У театра Сострат резко осадил лошадей. Сириска кинуло вперед, и он ударился о барьер колесницы. Но этот удар, как ни странно, вновь пробудил в нем воина. И он, неожиданно для себя, резко вскочил на ноги. Сколько раз за это лето он, вот так же, стоял лицом к врагу?! Сострат, заметив это, перехватил вожжи в левую руку и замахнулся бичом. Сириск, ловко уклонившись от удара, нанес испытанный не раз и верный удар локтем в бок. Тяжело охнув, Сострат мешком упал на дно колесницы. Но и Сириск, потеряв последние силы, сам вывалился из колесницы на каменные плиты.

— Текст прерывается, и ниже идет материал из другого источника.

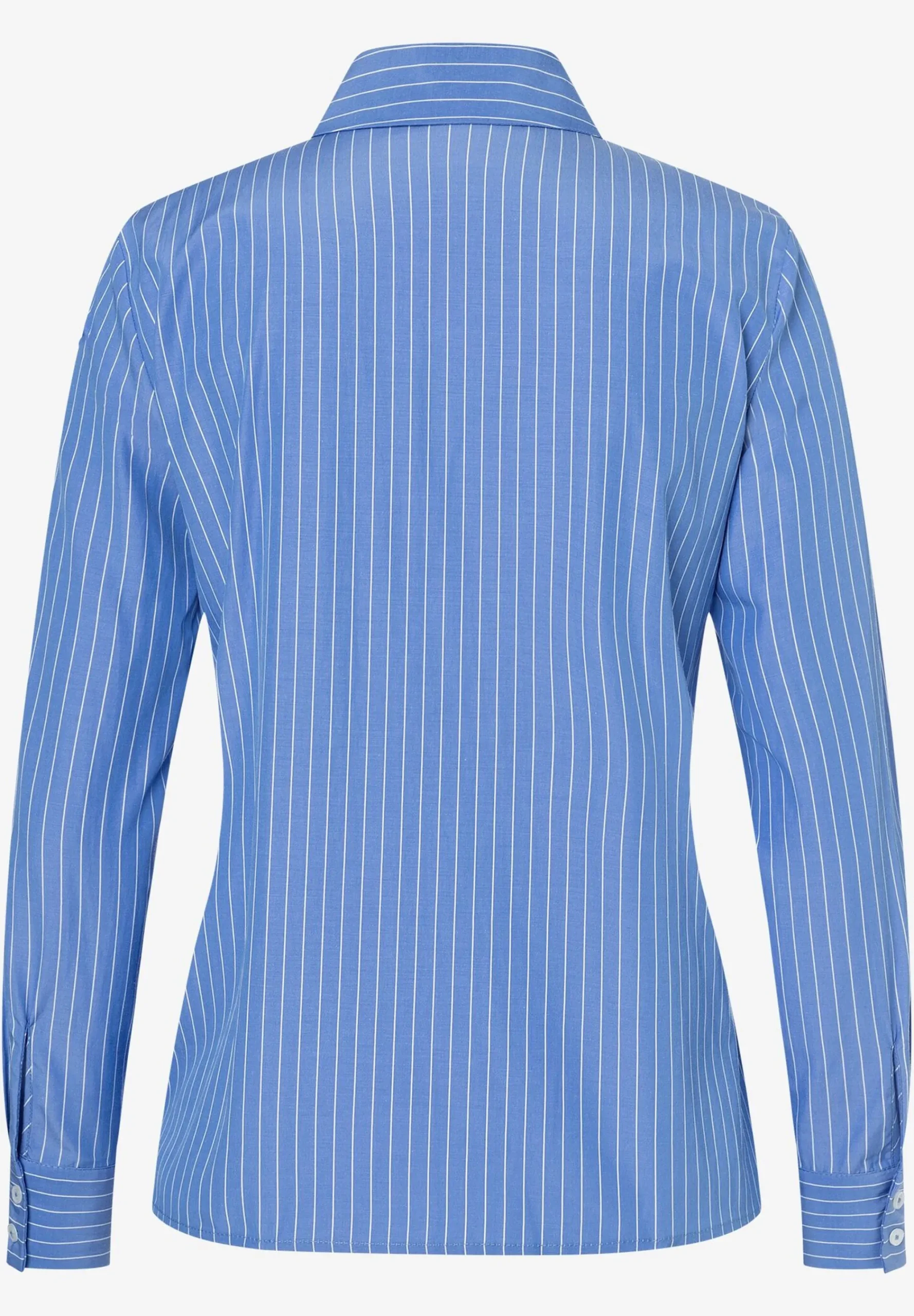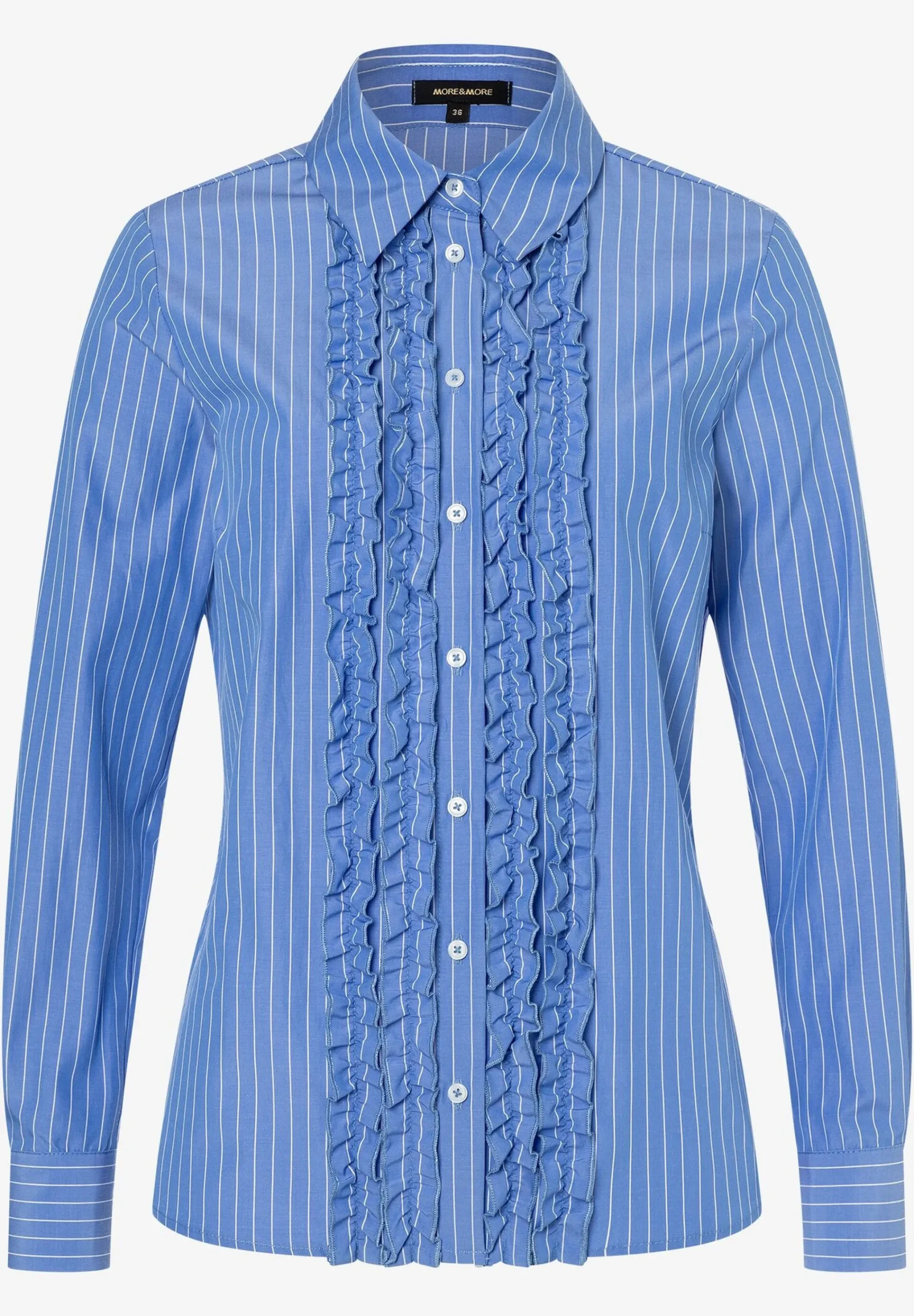 Die hochgeschlossene Hemdbluse von MORE & MORE mit feinen Nadelstreifen und femininen Rüschen auf der Front ist eine stylishe Ergänzung zum klassischen Businessanzug. Sie kann aber genauso gut mit weiter Marlenehose oder fließender Culotte kombiniert werden.
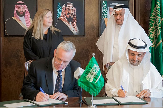 وقع الاتفاقية وكيل الوزارة لشؤون الابتعاث الدكتور جاسر بن سليمان الحربش، ومدير التعليم والجودة في إنجلترا لتدريب الأطباء السعوديين لمرحلتي الإقامة الطبية والتخصص الدقيق البروفيسور جيد بيرن .

– Не трогать его! – этот голос Сириск выделил бы из тысячи. Это был голос Тимона. И это давало надежду. – Мы должны выслушать его!
Толпа воинственно заревела, но никто не прикоснулся к Сириску.
– Пусть говорит! – кричали одни.
– К Харону! К Харону! – выли другие.
Сириск тяжело встал и, подталкиваемый толпой, пошел к центру площади. Сотни факелов освещали его путь, и тени метались по каменным плитам. И гул голосов, и языки пламени зловеще предвещали недоброе.
Постепенно шум утих. И воины в боевом облачении, и граждане в вечерних одеждах застыли в напряженном молчании.
Наступила тишина. Кто-то вывел Сириска на середину площади.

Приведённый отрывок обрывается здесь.